**Problem to work on:**
Your task is to transcribe the records exactly, skipping every image.

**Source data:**
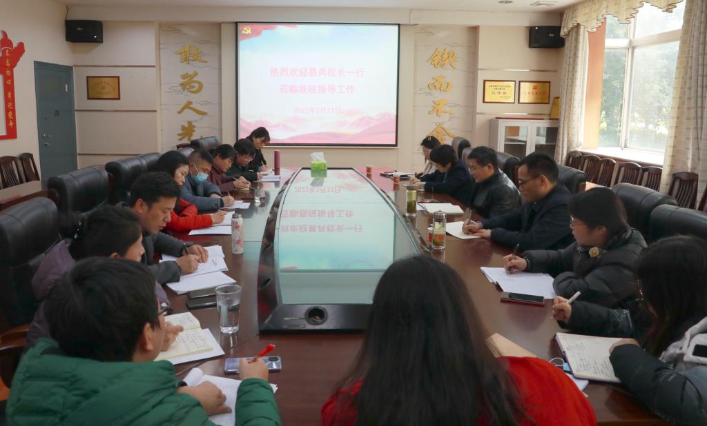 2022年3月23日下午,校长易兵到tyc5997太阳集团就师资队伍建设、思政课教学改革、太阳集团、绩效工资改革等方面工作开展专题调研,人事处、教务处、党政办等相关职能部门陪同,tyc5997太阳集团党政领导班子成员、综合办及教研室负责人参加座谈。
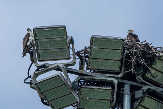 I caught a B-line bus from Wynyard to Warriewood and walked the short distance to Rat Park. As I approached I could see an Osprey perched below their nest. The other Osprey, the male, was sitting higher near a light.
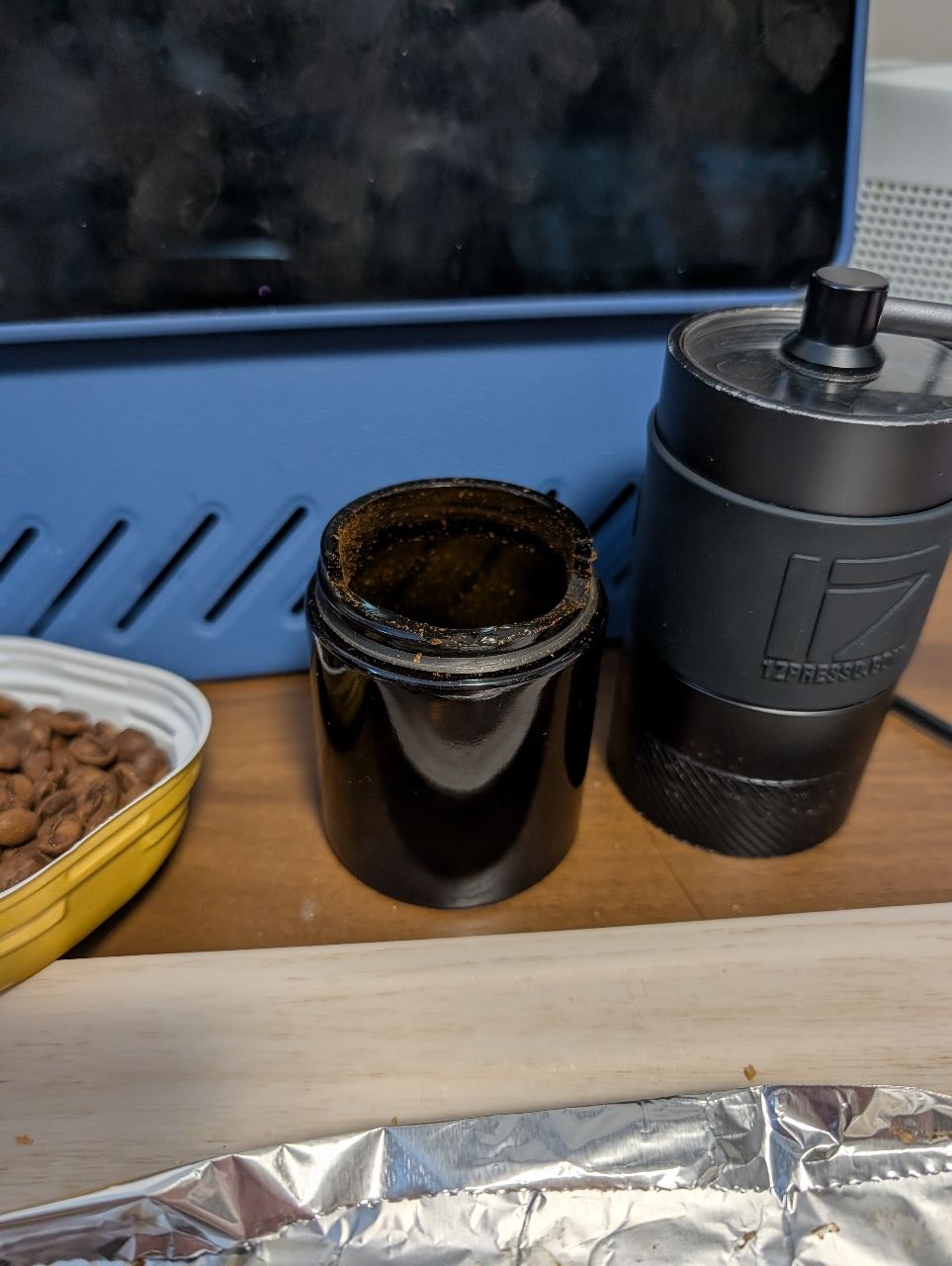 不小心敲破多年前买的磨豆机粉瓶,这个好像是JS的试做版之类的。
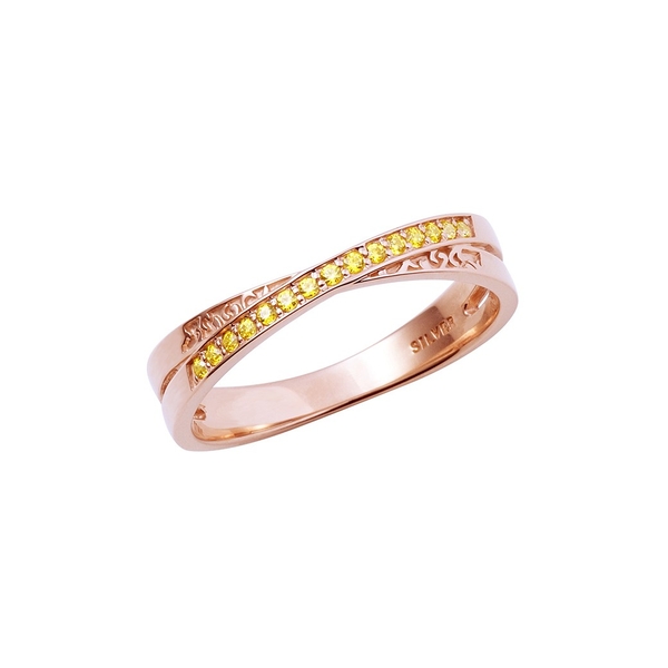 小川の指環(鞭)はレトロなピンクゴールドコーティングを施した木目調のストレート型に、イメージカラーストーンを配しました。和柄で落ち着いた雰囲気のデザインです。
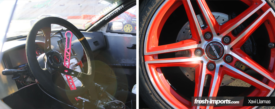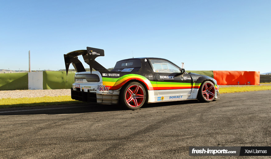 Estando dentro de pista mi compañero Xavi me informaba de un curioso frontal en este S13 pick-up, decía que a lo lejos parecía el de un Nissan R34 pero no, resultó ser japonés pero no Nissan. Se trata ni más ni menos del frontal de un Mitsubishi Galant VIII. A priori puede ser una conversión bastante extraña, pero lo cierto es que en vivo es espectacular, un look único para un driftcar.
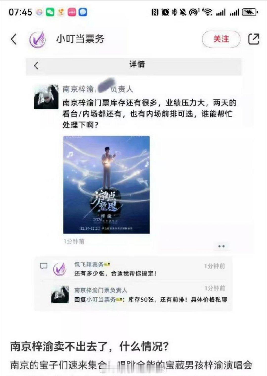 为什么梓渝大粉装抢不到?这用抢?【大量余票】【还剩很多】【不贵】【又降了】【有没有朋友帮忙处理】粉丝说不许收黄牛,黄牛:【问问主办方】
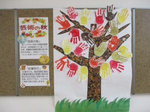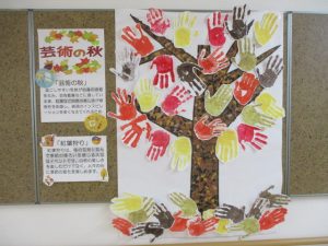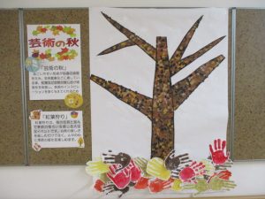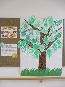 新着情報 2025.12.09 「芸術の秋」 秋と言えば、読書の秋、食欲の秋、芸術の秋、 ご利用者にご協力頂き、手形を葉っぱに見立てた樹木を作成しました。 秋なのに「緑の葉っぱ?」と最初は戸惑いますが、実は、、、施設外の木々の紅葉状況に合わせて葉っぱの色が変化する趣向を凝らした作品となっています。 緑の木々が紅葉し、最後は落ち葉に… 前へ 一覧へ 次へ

**Final answer:**
 2022年3月23日下午,校长易兵到tyc5997太阳集团就师资队伍建设、思政课教学改革、太阳集团、绩效工资改革等方面工作开展专题调研,人事处、教务处、党政办等相关职能部门陪同,tyc5997太阳集团党政领导班子成员、综合办及教研室负责人参加座谈。
 I caught a B-line bus from Wynyard to Warriewood and walked the short distance to Rat Park. As I approached I could see an Osprey perched below their nest. The other Osprey, the male, was sitting higher near a light.
 不小心敲破多年前买的磨豆机粉瓶,这个好像是JS的试做版之类的。
 小川の指環(鞭)はレトロなピンクゴールドコーティングを施した木目調のストレート型に、イメージカラーストーンを配しました。和柄で落ち着いた雰囲気のデザインです。
 Estando dentro de pista mi compañero Xavi me informaba de un curioso frontal en este S13 pick-up, decía que a lo lejos parecía el de un Nissan R34 pero no, resultó ser japonés pero no Nissan. Se trata ni más ni menos del frontal de un Mitsubishi Galant VIII. A priori puede ser una conversión bastante extraña, pero lo cierto es que en vivo es espectacular, un look único para un driftcar.
 为什么梓渝大粉装抢不到?这用抢?【大量余票】【还剩很多】【不贵】【又降了】【有没有朋友帮忙处理】粉丝说不许收黄牛,黄牛:【问问主办方】
 新着情報 2025.12.09 「芸術の秋」 秋と言えば、読書の秋、食欲の秋、芸術の秋、 ご利用者にご協力頂き、手形を葉っぱに見立てた樹木を作成しました。 秋なのに「緑の葉っぱ?」と最初は戸惑いますが、実は、、、施設外の木々の紅葉状況に合わせて葉っぱの色が変化する趣向を凝らした作品となっています。 緑の木々が紅葉し、最後は落ち葉に… 前へ 一覧へ 次へ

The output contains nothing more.